→ Data shown
BEGIN

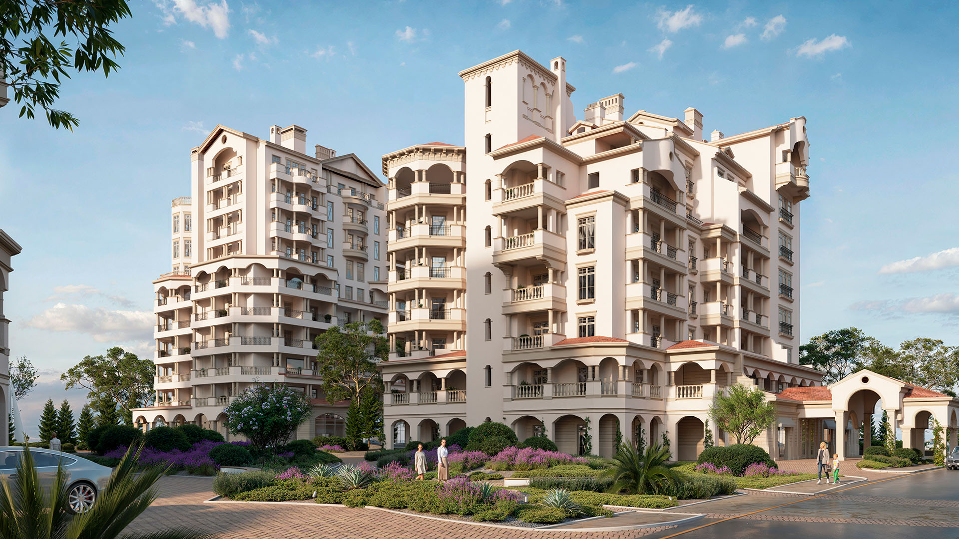 The complex includes apartments from 5 to 12 stories high, three swimming pools, recreation areas, and parking spaces, offering everything needed for comfortable and prestigious living.
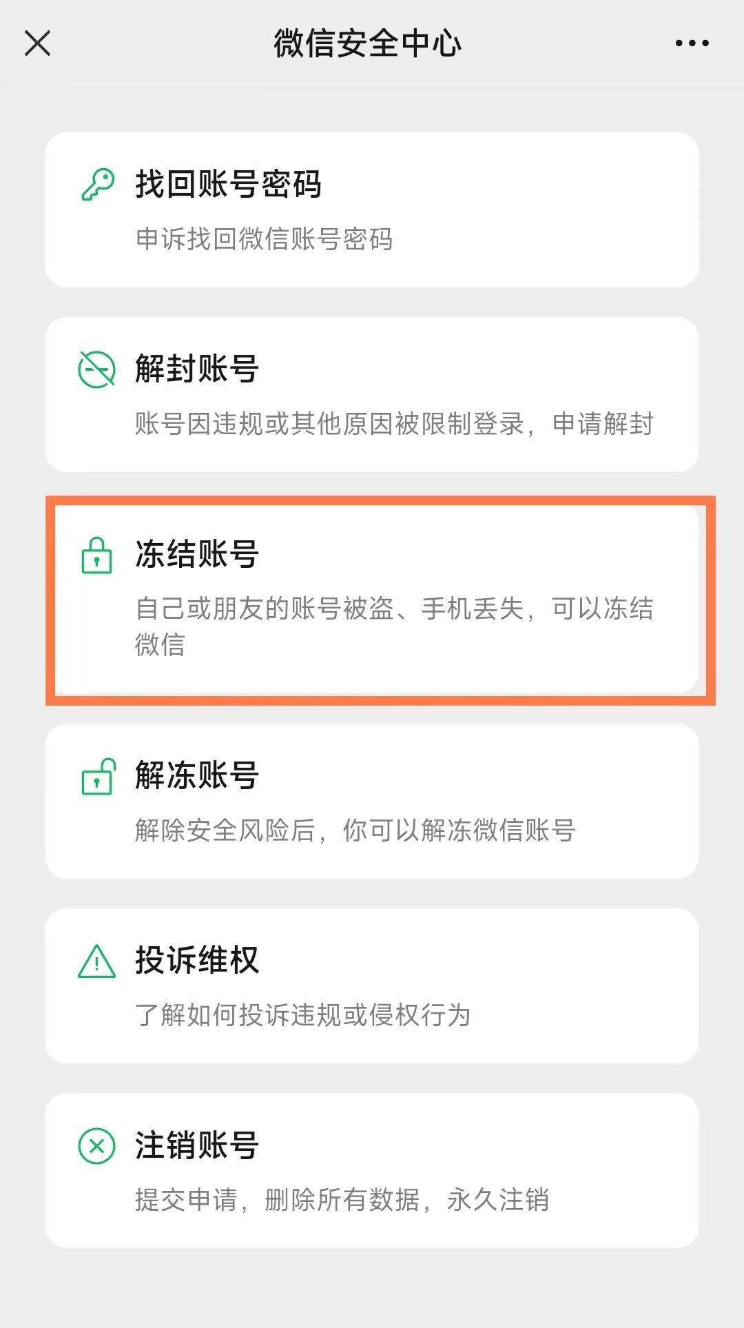 微信冻结:通过其他渠道登录微信-【我】-【设置】-【账户与安全】-【微信安全中心】-【冻结账户】。同时,拨打微信支付客服专线“95017”转9键自助冻结账户支付能力,可有效避免资金损失。
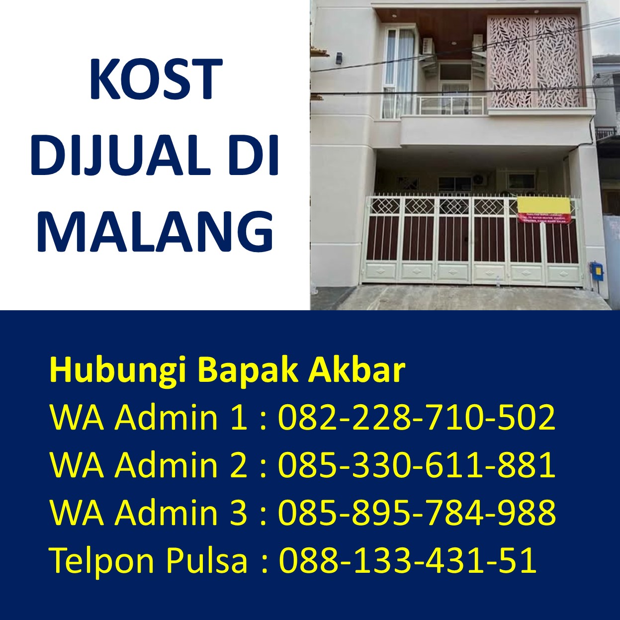 Bapak Akbar menyediakan beragam informasi tentang rumah kost dijual di Malang yang berada di kawasan strategis Dekat Universitas Brawijaya UB, Dekat Universitas Islam Negeri UIN Maulana Malik Ibrahim, Dekat Universitas Negeri UM, Dekat UPBJJ Universitas Terbuka, Dekat Universitas Gajayana UNIGA, Dekat Universitas Islam UNISMA, Dekat Universitas Kanjuruhan UNIKAMA, Dekat Universitas Kristen Cipta Wacana UKCW, Dekat Universitas Merdeka UNMER, Dekat Universitas Muhammadiyah UMM, Dekat Universitas Tribhuwana Tunggadewi UNITRI, Dekat Universitas Widyagama UWG, Dekat Universitas Wisnuwardhana, Dekat BINUS University, Dekat Politeknik Negeri POLINEMA, Dekat Politeknik Unisma, Dekat Politeknik Kota POLTEKOM, Dekat Politeknik Kesehatan Kementerian Kesehatan, Dekat Sekolah Tinggi Agama Islam Ma’had Aly Al-Hikam, Dekat Sekolah Tinggi Bahasa Asing, Dekat Sekolah Tinggi Filsafat Theologi STFT Widya Sasana, Dekat Sekolah Tinggi Teologi Salem, Dekat Sekolah Tinggi Teologi Satyabhakti, Dekat Sekolah Tinggi Ilmu Administrasi, Dekat STIE Indocakti, Dekat STIE Indonesia, Dekat STIE Kertanegara STIEKMA, Dekat STIE Koperasi STIEKOP, Dekat STIE kucecwara ABM, Dekat STIE Pemnas Indonesia, Dekat STIEKN Jaya Negara, Dekat STIKes Kendedes, Dekat Stikes Maharani, Dekat STIKES Widyagama Husada, Dekat Sekolah Tinggi Ilmu Hukum Sunan Giri, Dekat Sekolah Tinggi Informatika dan Komputer Indonesia STIKI, Dekat Sekolah Tinggi Pendidikan Agama Kristen STIPAK Duta Harapan, Dekat Sekolah Tinggi Ilmu Perikanan STIP, Dekat STISOSPOL Waskita Dharma, Dekat Sekolah Tinggi Pastoral IPI, Dekat STT Atlas Nusantara, Dekat STT Budi Utomo, Dekat STT, Dekat STT RRI, Dekat STMIK PPKIA Pradnya Paramita STIMATA, Dekat Akademi Analis Farmasi dan Makanan AKAFARMA Putra Indonesia, Dekat Akademi Analis Kesehatan, Dekat Akademi Farmasi AKFAR Putra Indonesia, Dekat Akademi Kebidanan Brawijaya Husada, Dekat Akademi Kebidanan Wira Husada Nusantara, Dekat Akademi Kebidanan Wijaya Kusuma, Dekat Akademi Keperawatan Panti Waluya, Dekat Akademi Pariwisata dan Perhotelan APARTEL Ganesha, Dekat Institut Teknologi Nasional ITN, Dekat IKIP Budi Utomo, Dekat Institut Pertanian, Dekat Institut Teknologi dan Bisnis Asia, Dekat Institut Teknologi Sains dan Kesehatan RS dr. Soepraoen Kesdam V

END

→ Exercise goal
Each line from the first line of the listing through the line with "微信冻结:通过其他渠道登录微" must be printed exactly, both ends included, and no picture may appear.

→ Result of this exercise
 The complex includes apartments from 5 to 12 stories high, three swimming pools, recreation areas, and parking spaces, offering everything needed for comfortable and prestigious living.
 微信冻结:通过其他渠道登录微信-【我】-【设置】-【账户与安全】-【微信安全中心】-【冻结账户】。同时,拨打微信支付客服专线“95017”转9键自助冻结账户支付能力,可有效避免资金损失。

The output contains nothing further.